É verdade que produto, preço e localização foram desde sempre os principais fatores determinantes da diferenciação e do sucesso do retalho, contudo, nos últimos anos, as regras de diferenciação mudaram drasticamente. Os retalhistas sabem hoje que as lojas representam uma variedade de funções diferentes servindo como um centro de experiência e de realização e todos aqueles que entendem os seus clientes, lhes fazem as perguntas certas e usam os dados por eles fornecidos para tornar as compras mais simples, fáceis e confiáveis, terão mais hipóteses de vencer. Mas, para tal, os retalhistas devem garantir para o futuro pós-covid que as suas organizações estejam alinhadas com as necessidades e desejos, porventura ocultos, do “shopper”, ou seja, compreendê-los empaticamente em todos os canais, conectando-se com eles de maneira relevante e mantendo o foco no fornecimento de uma experiência de loja positiva e implacável. O resultado? O Santo Graal do retalho: lealdade incondicional.
De uma forma simples, as lojas devem, por exemplo, criar uma atmosfera sensorial que envolva os consumidores através dos seus cinco sentidos, encenar a apresentação dos seus produtos, personalizando a experiência de compra, treinando bem a equipa de colaboradores e, sempre que possível, introduzindo elementos-surpresa que o consumidor não esteja à espera.

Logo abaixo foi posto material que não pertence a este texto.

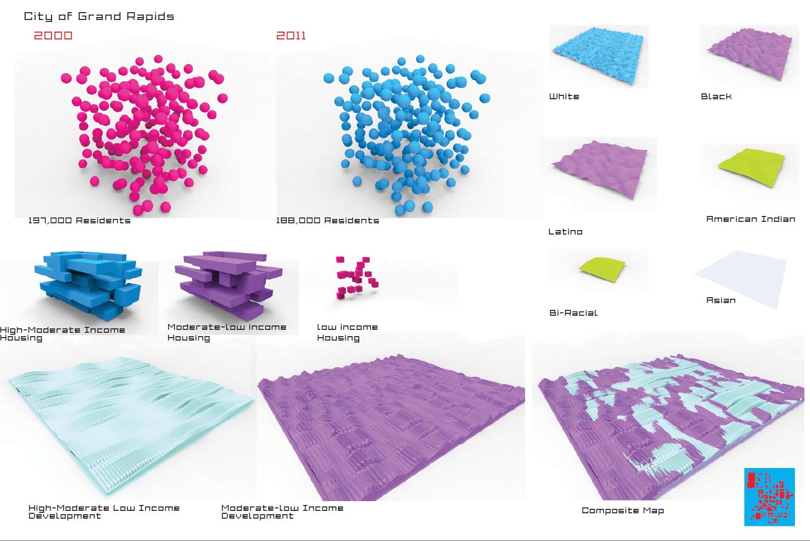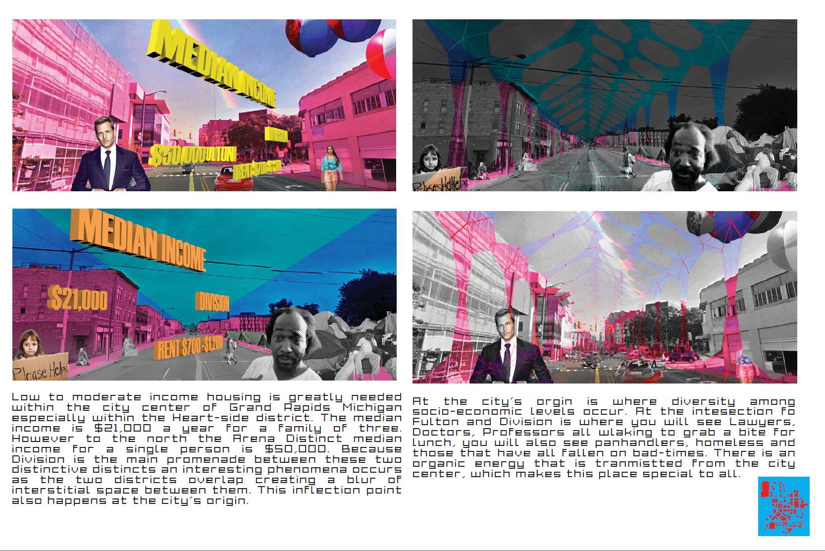 Low to moderate income housing is greatly needed within the city center of Grand Rapids, Michigan, especially within the Heart-side district. The median income is $21,000 a year for a family of three. However to the north the Arena district median income for a single person is $50,000. Because Division Ave. is the main promenade between these two distinctive districts, an interesting phenomenon occurs as the two districts overlap creating a blur of interstitial space between them. This inflection point also happens at the city’s origin.
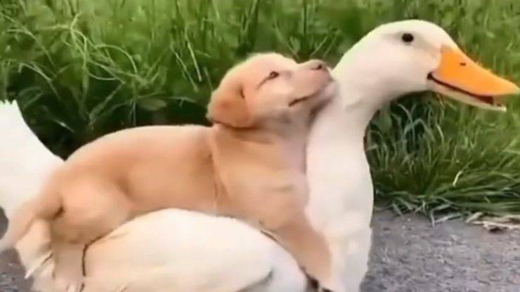 L’amicizia tra un cucciolo e un’oca, un legame speciale che conquista il mondo del web -VIDEO

Uma proposta de valor acrescentado para os consumidores reveste hoje uma natureza bipolar onde, nos extremos opostos do espectro de valor encontramos, por um lado, a conveniência e os preços baixos e por outro, a exclusividade e a experiência inesquecível. Os retalhistas que não sejam uma coisa nem outra, situados no “meio-termo”, só não estarão já condenados se conseguirem assumir os seus valores, criar a sua história, cumprir a promessa da sua marca de modo a se conectarem com os consumidores e serem por estes também valorizados. Não podemos esquecer que, para a maior parte dos retalhistas, os valores ou a cultura de marca nunca foram uma prioridade ou preocupação, na medida em que nas últimas décadas quase bastava aos retalhistas para gerarem vendas, estarem presentes no mercado e manterem as portas abertas.
Cada vez tenho mais a convicção que uma insígnia retalhista não pode ser esculpida na pedra porque como marcas que também são, necessitam de se reinventar constantemente para manter sempre os seus clientes fascinados e fidelizados. Durante décadas, os retalhistas usaram a publicidade como ponto de partida e as lojas físicas como ponto de chegada para a venda, mas no futuro, as lojas físicas serão, fundamentalmente, pontos de contacto na relação com os consumidores. Sabemos que as expectativas dos consumidores mudaram drasticamente pelo que encantar os clientes significa ir além das suas expectativas, sendo isso exatamente o que os consumidores consideram ser uma experiência digna desse nome. Mas para atingir este objetivo o retalho terá de ser um misto de arte e de ciência e de se reinventar assumindo o imperativo da transformação digital. Pesquisar e experimentar novos conceitos não é mais uma opção dos retalhistas, mas um verdadeiro imperativo categórico.